PROBLEM REQUIREMENTS: Copy the lines below exactly, starting at the one with "You can click" and ending at the one with "中医药学院黄馨乐同学作为优秀", and leave out any picture.

DATA EXTRACTS:
Content starts
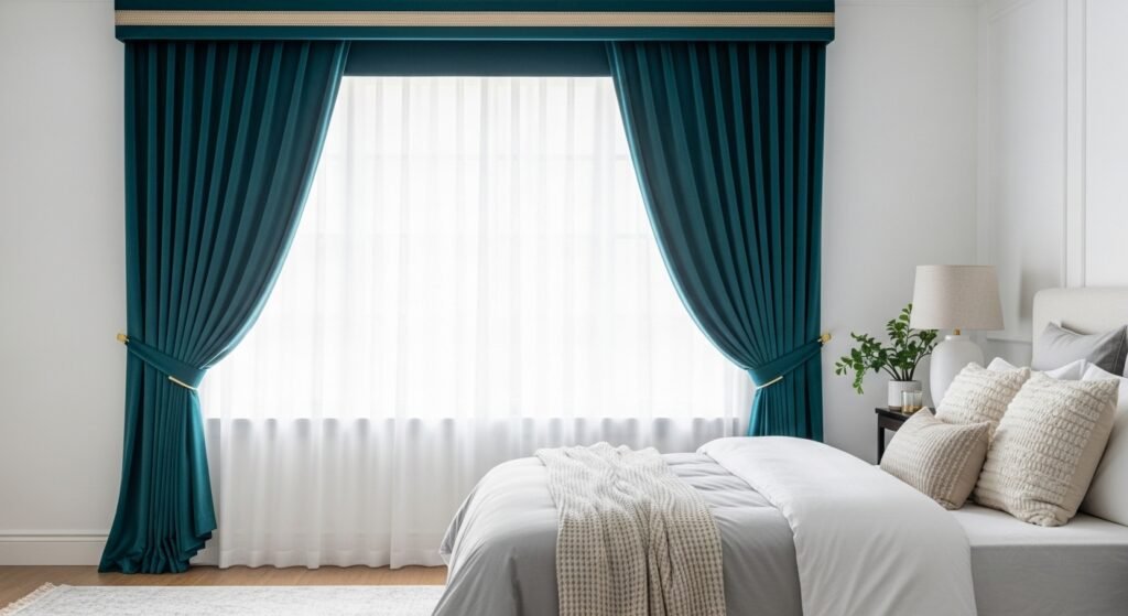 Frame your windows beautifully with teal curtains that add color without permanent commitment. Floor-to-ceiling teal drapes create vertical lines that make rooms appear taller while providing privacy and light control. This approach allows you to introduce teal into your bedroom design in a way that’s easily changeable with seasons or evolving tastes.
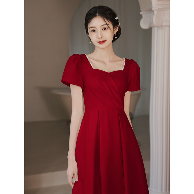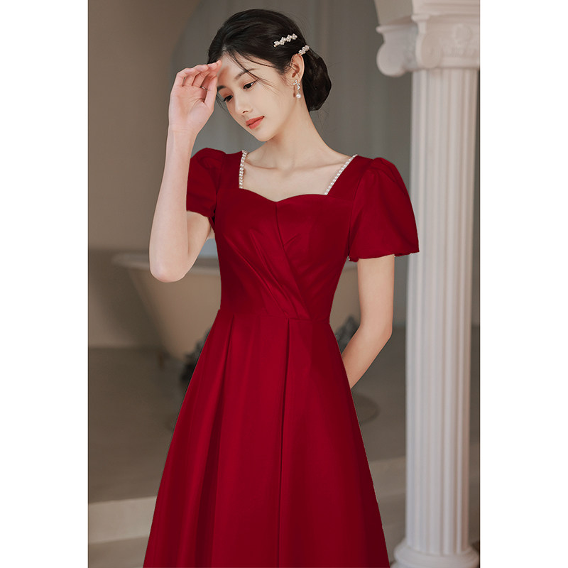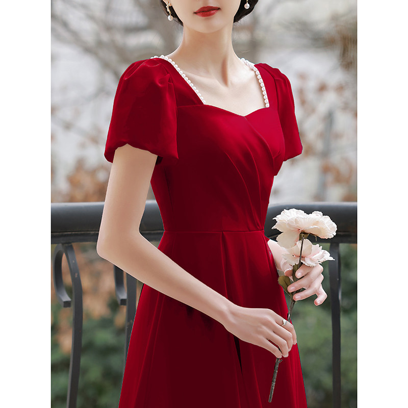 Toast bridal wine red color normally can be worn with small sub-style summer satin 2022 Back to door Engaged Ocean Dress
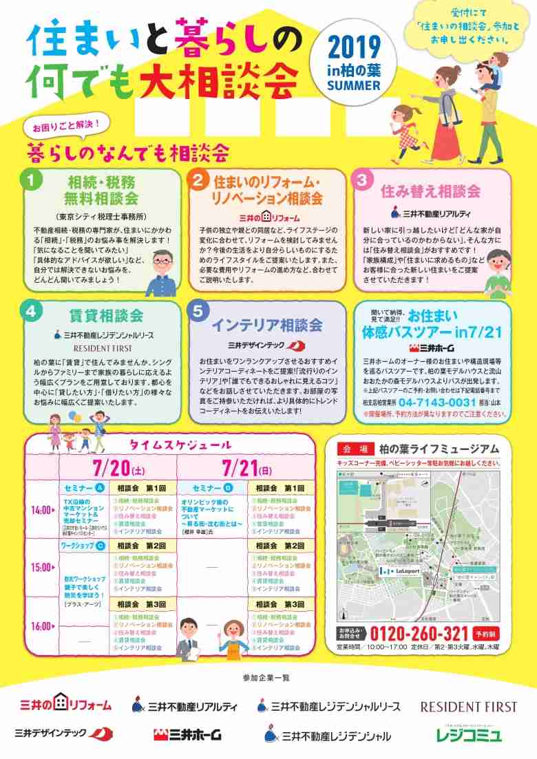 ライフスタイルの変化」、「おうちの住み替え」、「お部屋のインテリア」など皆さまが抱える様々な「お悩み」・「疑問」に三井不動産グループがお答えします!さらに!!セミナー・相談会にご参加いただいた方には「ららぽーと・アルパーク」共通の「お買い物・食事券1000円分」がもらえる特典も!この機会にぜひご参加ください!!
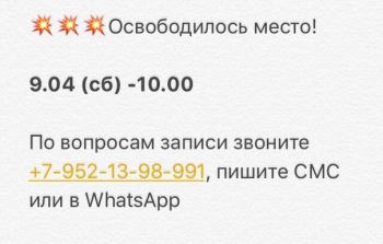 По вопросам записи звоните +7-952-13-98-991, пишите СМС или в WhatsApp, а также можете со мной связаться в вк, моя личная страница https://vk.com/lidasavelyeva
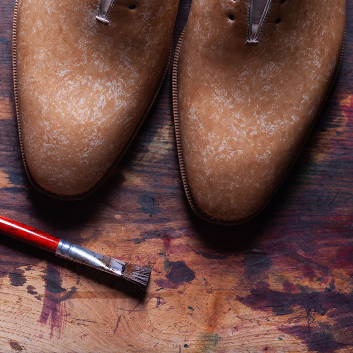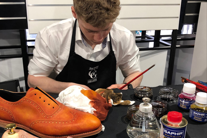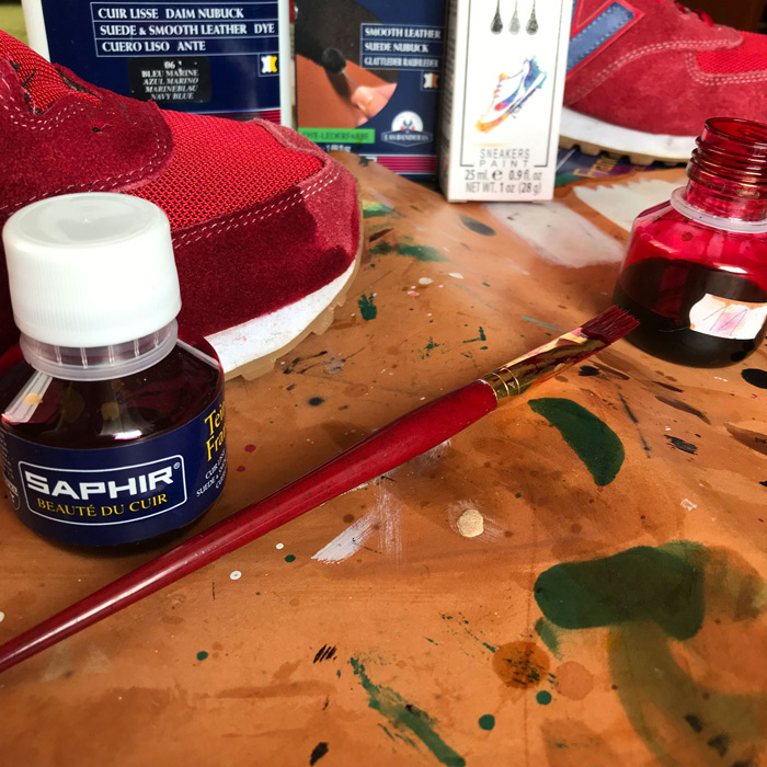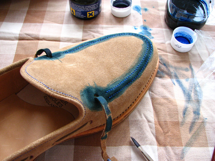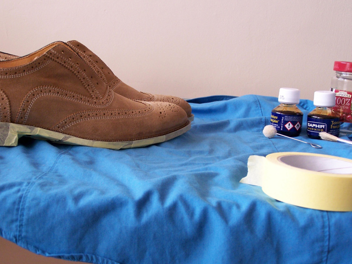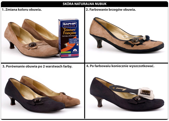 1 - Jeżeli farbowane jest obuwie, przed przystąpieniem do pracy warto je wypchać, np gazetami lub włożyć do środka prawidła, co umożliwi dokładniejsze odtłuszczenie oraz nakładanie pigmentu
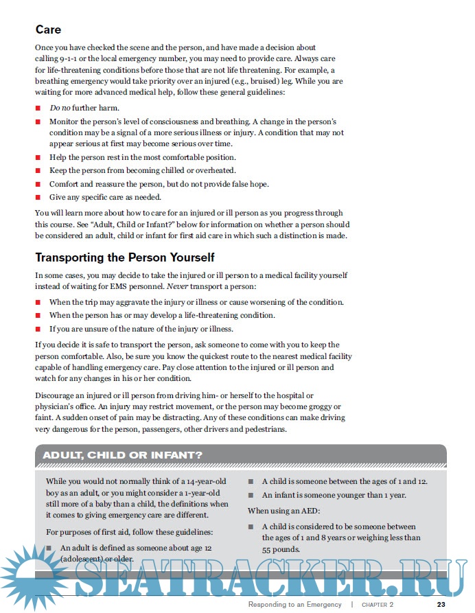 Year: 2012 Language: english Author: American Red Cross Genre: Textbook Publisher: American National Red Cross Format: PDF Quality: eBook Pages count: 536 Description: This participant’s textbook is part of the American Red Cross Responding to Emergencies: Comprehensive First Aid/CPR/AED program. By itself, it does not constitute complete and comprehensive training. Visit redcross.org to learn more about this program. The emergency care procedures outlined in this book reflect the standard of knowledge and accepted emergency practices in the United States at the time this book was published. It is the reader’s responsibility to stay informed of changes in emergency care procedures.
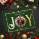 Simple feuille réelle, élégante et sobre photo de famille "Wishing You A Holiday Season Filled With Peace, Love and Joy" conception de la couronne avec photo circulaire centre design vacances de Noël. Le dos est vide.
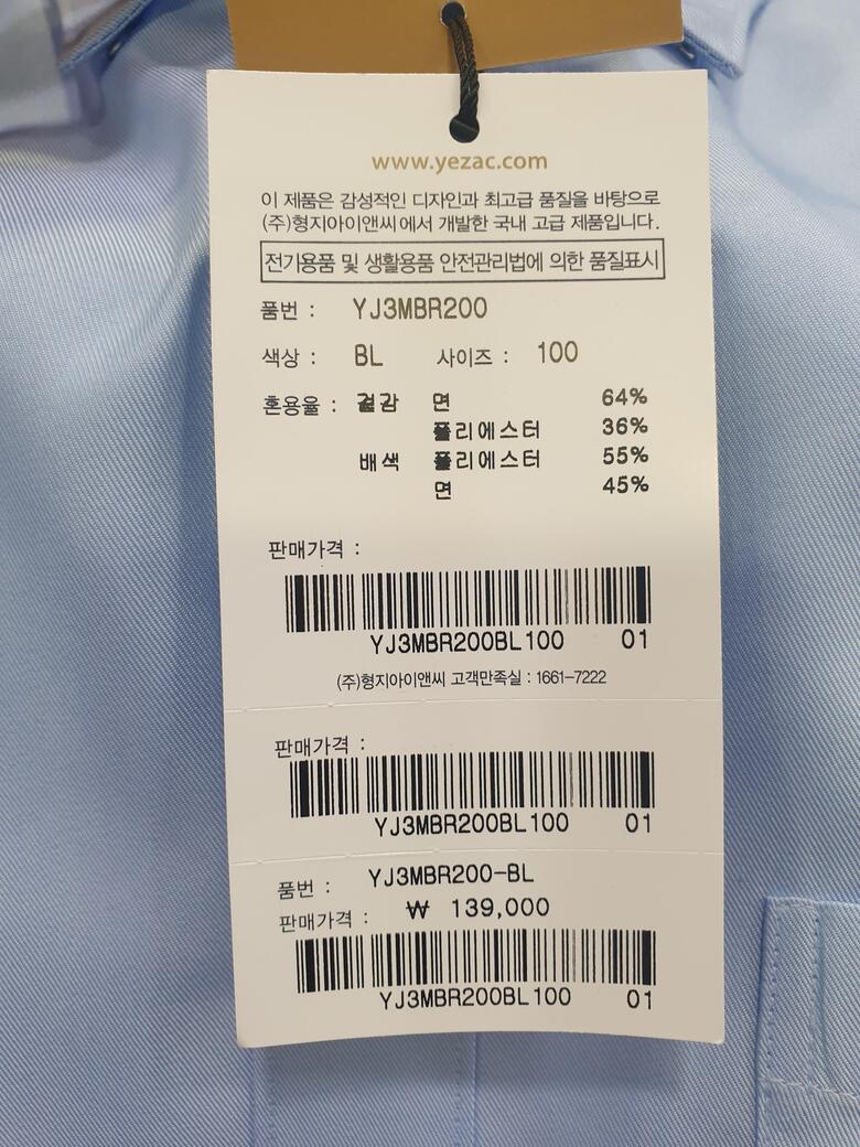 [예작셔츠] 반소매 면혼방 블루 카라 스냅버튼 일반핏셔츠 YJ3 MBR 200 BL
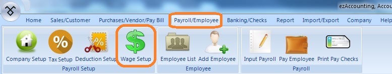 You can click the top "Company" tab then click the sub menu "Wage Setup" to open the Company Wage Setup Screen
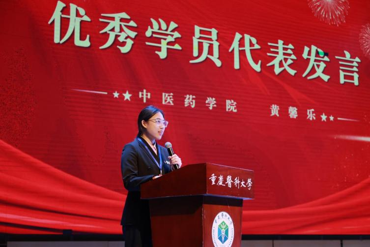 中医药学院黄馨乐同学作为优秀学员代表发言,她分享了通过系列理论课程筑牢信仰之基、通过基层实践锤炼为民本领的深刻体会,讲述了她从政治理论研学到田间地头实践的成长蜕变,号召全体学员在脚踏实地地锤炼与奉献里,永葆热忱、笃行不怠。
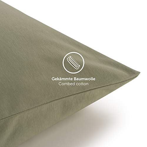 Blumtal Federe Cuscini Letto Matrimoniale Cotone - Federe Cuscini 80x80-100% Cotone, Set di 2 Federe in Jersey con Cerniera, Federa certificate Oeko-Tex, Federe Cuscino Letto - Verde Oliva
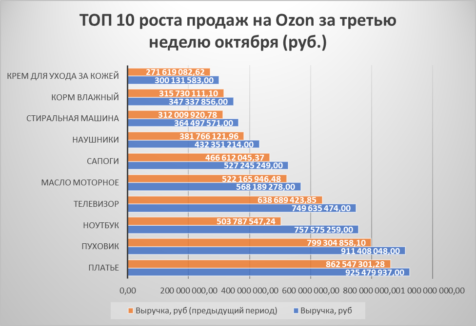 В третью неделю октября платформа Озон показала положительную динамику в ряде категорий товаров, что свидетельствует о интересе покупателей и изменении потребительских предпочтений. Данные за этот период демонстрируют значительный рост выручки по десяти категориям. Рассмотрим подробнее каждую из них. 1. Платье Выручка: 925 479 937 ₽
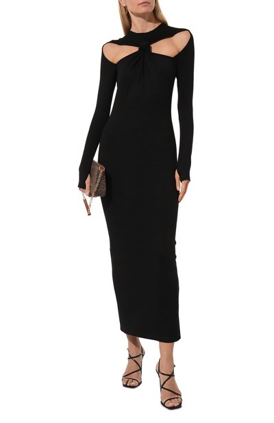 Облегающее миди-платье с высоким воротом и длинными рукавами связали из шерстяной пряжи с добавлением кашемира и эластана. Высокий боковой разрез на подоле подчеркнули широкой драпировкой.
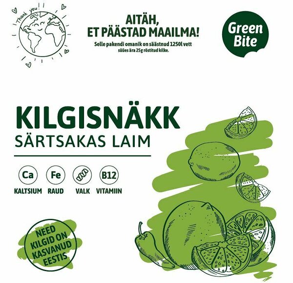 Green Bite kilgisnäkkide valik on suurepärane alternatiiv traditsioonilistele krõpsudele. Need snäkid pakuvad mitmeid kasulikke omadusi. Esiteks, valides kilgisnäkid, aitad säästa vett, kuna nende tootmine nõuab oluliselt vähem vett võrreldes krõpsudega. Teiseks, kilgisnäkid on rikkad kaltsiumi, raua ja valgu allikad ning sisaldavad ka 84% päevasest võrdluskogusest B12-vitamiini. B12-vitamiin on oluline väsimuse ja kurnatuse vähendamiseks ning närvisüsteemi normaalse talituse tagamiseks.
Content ends
TASK SOLUTION:
 You can click the top "Company" tab then click the sub menu "Wage Setup" to open the Company Wage Setup Screen
 中医药学院黄馨乐同学作为优秀学员代表发言,她分享了通过系列理论课程筑牢信仰之基、通过基层实践锤炼为民本领的深刻体会,讲述了她从政治理论研学到田间地头实践的成长蜕变,号召全体学员在脚踏实地地锤炼与奉献里,永葆热忱、笃行不怠。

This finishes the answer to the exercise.